◆ What to work on
Write out the opening lines of the data word for word, up to and including the line with "COPPIA DI LUMI", and leave every picture and every later line out.

━━━ Source material

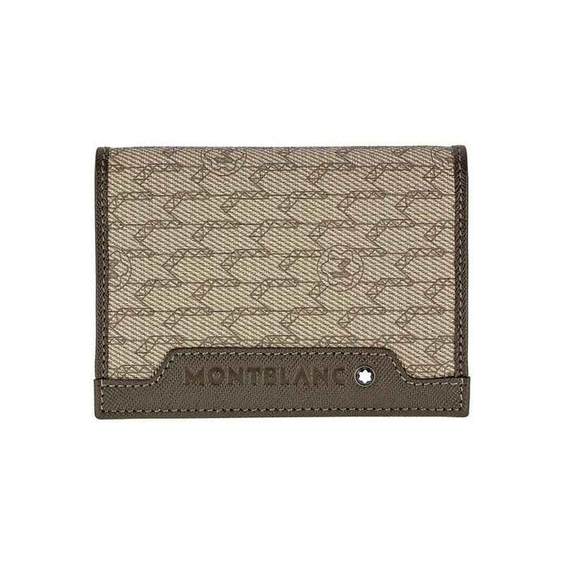 Porta biglietti da visita Montblanc in tessuto color pietra con dettagli in pelle marrone, design elegante e funzionale.
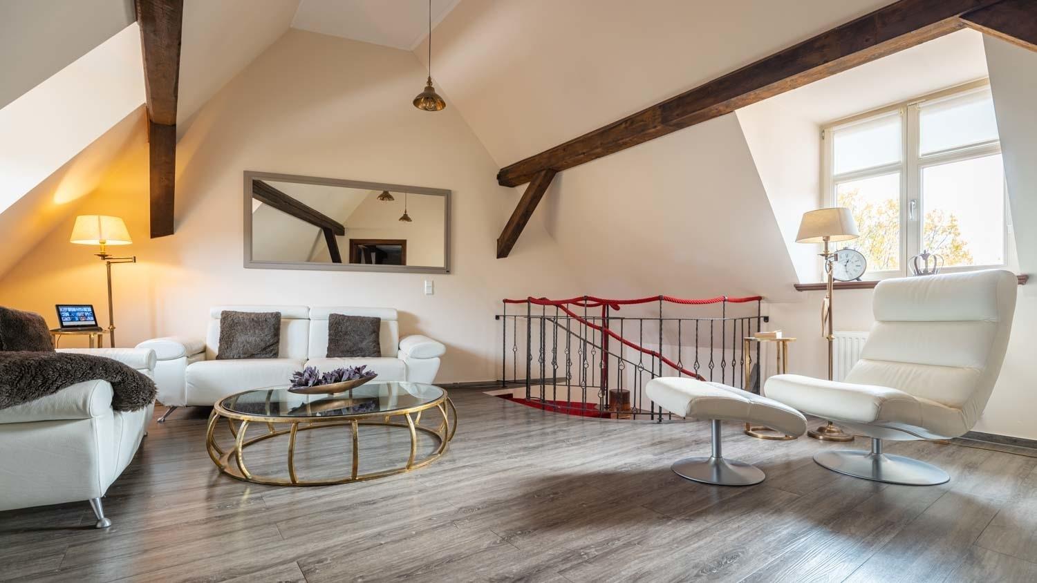 Im oberen Bereich des Apartments befindet sich ein geräumiges Wohnzimmer, das mit hochwertigen Möbeln und stilvollen Dekorationen ausgestattet ist. Die Fenster durchfluten den Raum mit Tageslicht und bieten einen malerischen Blick auf die Umgebung.
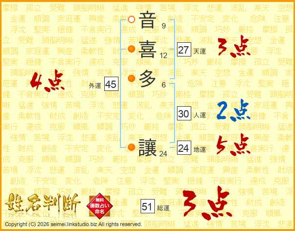 音喜多讓さんの総運は51画の3点!
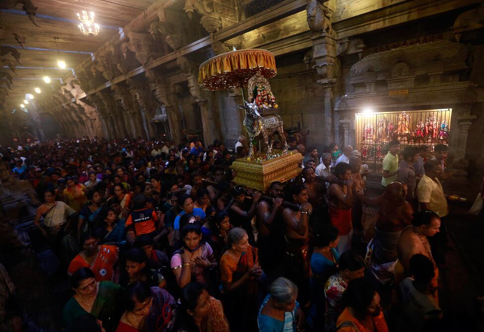 Los devotos hindúes de Sri Lanka rezaron mientras llevaban el pasado jueves una estatua del dios Shiva durante el festival anual de Maha Shivaratri en Shivam Kovil en Colombo.
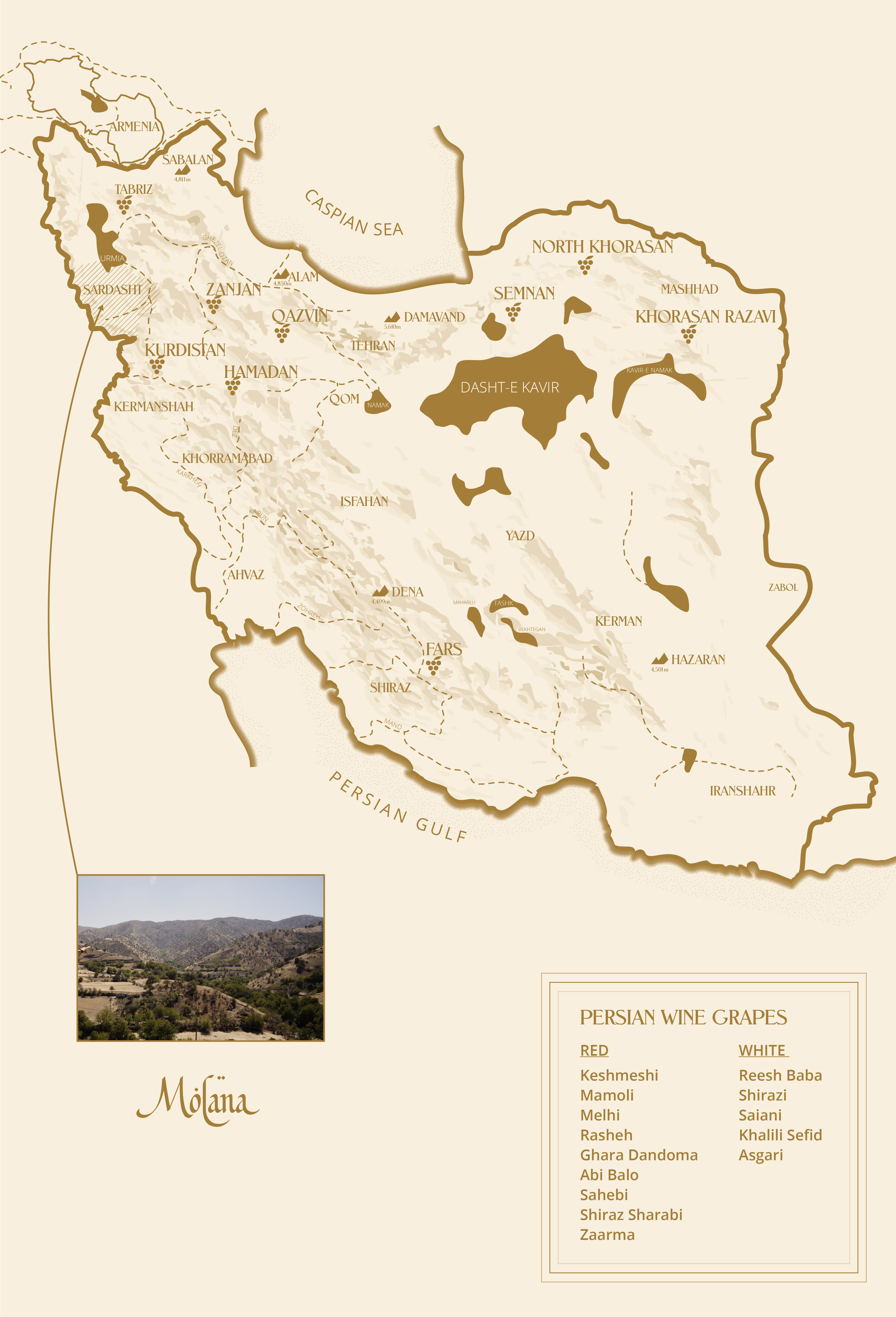The ancient varietal Rasheh is championed in this region, having survived millennia. It thrives in these high elevations, extreme climate and volcanic soil, small patches of vineyards placed high on hills that are mostly accessible by foot only.
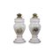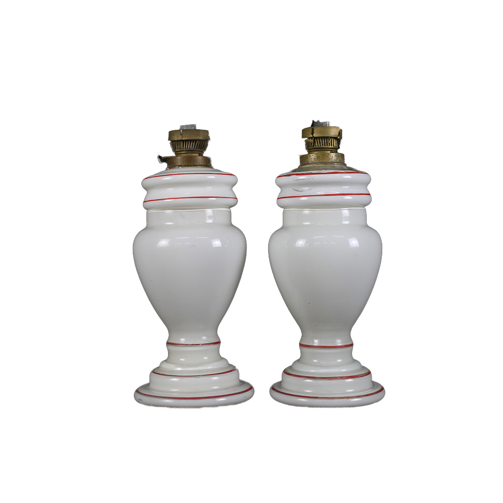 COPPIA DI LUMI in opaline dipinti raffigurante scene galanti Sicilia primi 900 h cm 35 x Ø 16
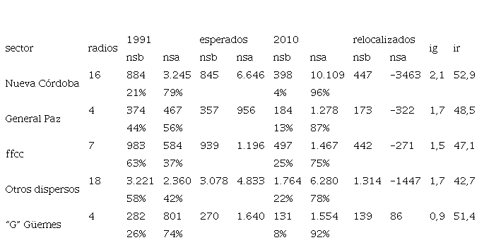 En cuanto a su composición socioeconómica, el sector “g” del barrio Güemes presentaba un panorama bastante similar al sector de Nueva Córdoba (con el cual limita al este) tanto en 1991 como en 2010, y también un alto índice de posibles desplazamientos (ir 51,4%). Nótese que, sin embargo, el ig es de apenas 0,9 en este sector, escasamente por debajo de la media urbana, pero muy por debajo de los sectores previos. En el caso de este sector del barrio Güemes, los desplazamientos no aparecen, entonces, relacionados con la llegada de grupos de mayor nivel socioeconómico. Se podría conjeturar que ha sido otro tipo de gentrificación, más bien comercial y turística (que modificó el perfil del barrio en las últimas décadas, orientado a consumidores de mayor poder adquisitivo), lo que ha inducido a los desplazamientos, producto de un posible aumento en el precio del suelo. Otra posibilidad es que las dos décadas analizadas nos estén mostrando apenas un fragmento de un proceso de más largo plazo, donde la llegada masiva de clases medias y altas al barrio se produjo con anterioridad a la década de los noventa, y posteriormente se tradujo en masivos desplazamientos. Lamentablemente no estamos en condiciones de examinar esta hipótesis, dado que no existen los datos necesarios.
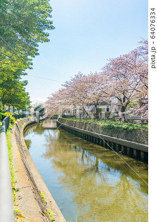 日本の春 北越谷 逆川緑の道沿いの桜並木
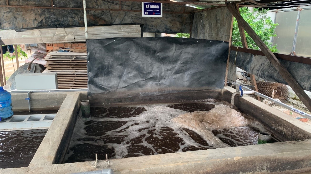 Nước thải phát sinh toàn dự án theo hệ thống thu gom về hầm Biogas. Tại đây, nước thải được lưu lại với thời gian khoảng 30-45 ngày để phân hủy kỵ khí. Nước thải sau khi qua hầm Biogas thì được đưa qua hồ sinh học 1 & 2 để tiếp tục đi vào hệ thống xử lý.
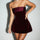 $33.36 USDUnit price /UnavailableA-style Wine Red Velvet Stripes Long Sleeve Bow Ruffle Cocktail Party Christmas Short Dress
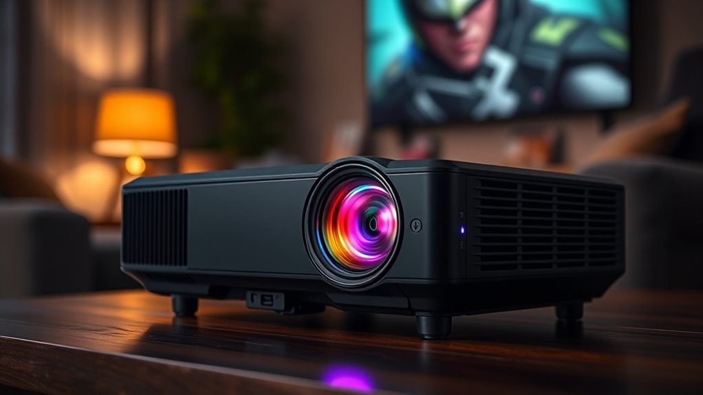 The XGIMI Horizon 20 Max is an excellent choice if you want a projector with lens shift, 5700 ISO lumens for bright images, and gaming features. Its advanced lens shift technology makes setup flexible and guarantees a perfectly aligned picture. With high brightness, vibrant 4K visuals, and low latency modes, it’s ideal for gaming, movies, and sports. Keep exploring to discover how this versatile projector can transform your entertainment space.

━━━━━━

◆ Solved problem
 Porta biglietti da visita Montblanc in tessuto color pietra con dettagli in pelle marrone, design elegante e funzionale.
 Im oberen Bereich des Apartments befindet sich ein geräumiges Wohnzimmer, das mit hochwertigen Möbeln und stilvollen Dekorationen ausgestattet ist. Die Fenster durchfluten den Raum mit Tageslicht und bieten einen malerischen Blick auf die Umgebung.
 音喜多讓さんの総運は51画の3点!
 Los devotos hindúes de Sri Lanka rezaron mientras llevaban el pasado jueves una estatua del dios Shiva durante el festival anual de Maha Shivaratri en Shivam Kovil en Colombo.
The ancient varietal Rasheh is championed in this region, having survived millennia. It thrives in these high elevations, extreme climate and volcanic soil, small patches of vineyards placed high on hills that are mostly accessible by foot only.
 COPPIA DI LUMI in opaline dipinti raffigurante scene galanti Sicilia primi 900 h cm 35 x Ø 16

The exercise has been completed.